→ WHAT IS NEEDED
No pictures, everything else exact: set down the entries in full.

→ ENTRIES PROVIDED

*** Block opens ***

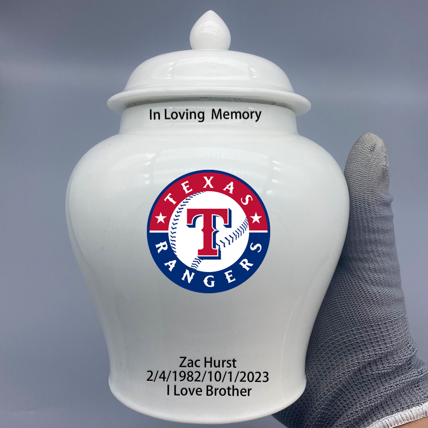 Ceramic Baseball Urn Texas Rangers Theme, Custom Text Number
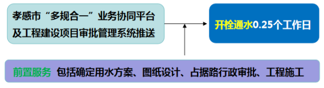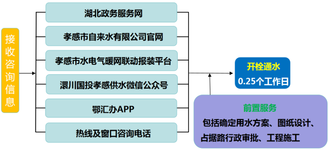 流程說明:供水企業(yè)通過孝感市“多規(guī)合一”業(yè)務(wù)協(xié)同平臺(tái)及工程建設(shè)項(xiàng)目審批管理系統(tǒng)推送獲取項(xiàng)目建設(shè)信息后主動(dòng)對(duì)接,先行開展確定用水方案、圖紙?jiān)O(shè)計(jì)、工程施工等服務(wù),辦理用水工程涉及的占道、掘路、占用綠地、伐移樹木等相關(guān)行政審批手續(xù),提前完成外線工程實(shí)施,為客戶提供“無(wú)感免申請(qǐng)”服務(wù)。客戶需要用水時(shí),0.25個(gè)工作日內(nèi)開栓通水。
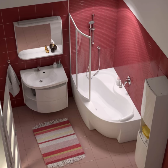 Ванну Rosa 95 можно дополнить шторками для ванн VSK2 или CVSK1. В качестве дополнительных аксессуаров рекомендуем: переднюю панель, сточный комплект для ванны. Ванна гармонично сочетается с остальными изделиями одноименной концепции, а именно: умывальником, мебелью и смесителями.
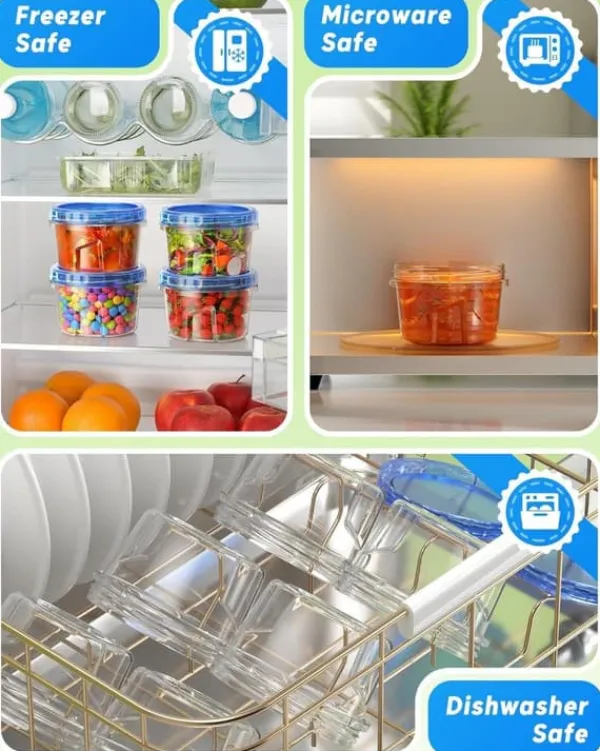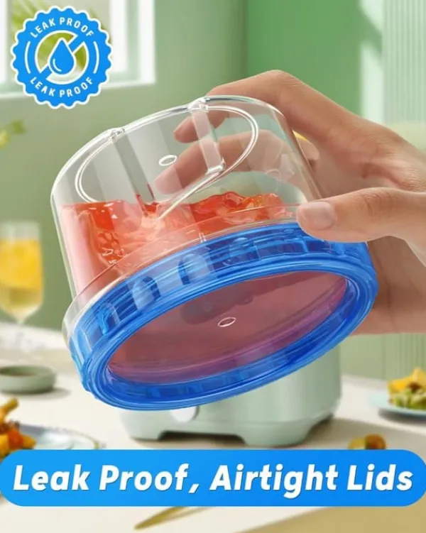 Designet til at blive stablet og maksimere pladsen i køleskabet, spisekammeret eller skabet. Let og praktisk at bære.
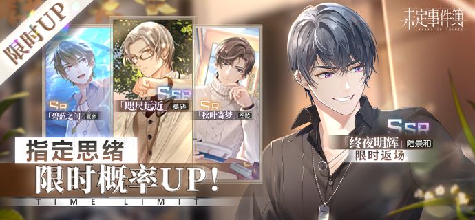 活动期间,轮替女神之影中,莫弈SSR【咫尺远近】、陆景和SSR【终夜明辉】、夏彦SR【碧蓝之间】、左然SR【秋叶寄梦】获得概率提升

*** Block closes ***

→ TASK RESULT
 Ceramic Baseball Urn Texas Rangers Theme, Custom Text Number
 流程說明:供水企業(yè)通過孝感市“多規(guī)合一”業(yè)務(wù)協(xié)同平臺(tái)及工程建設(shè)項(xiàng)目審批管理系統(tǒng)推送獲取項(xiàng)目建設(shè)信息后主動(dòng)對(duì)接,先行開展確定用水方案、圖紙?jiān)O(shè)計(jì)、工程施工等服務(wù),辦理用水工程涉及的占道、掘路、占用綠地、伐移樹木等相關(guān)行政審批手續(xù),提前完成外線工程實(shí)施,為客戶提供“無(wú)感免申請(qǐng)”服務(wù)。客戶需要用水時(shí),0.25個(gè)工作日內(nèi)開栓通水。
 Ванну Rosa 95 можно дополнить шторками для ванн VSK2 или CVSK1. В качестве дополнительных аксессуаров рекомендуем: переднюю панель, сточный комплект для ванны. Ванна гармонично сочетается с остальными изделиями одноименной концепции, а именно: умывальником, мебелью и смесителями.
 Designet til at blive stablet og maksimere pladsen i køleskabet, spisekammeret eller skabet. Let og praktisk at bære.
 活动期间,轮替女神之影中,莫弈SSR【咫尺远近】、陆景和SSR【终夜明辉】、夏彦SR【碧蓝之间】、左然SR【秋叶寄梦】获得概率提升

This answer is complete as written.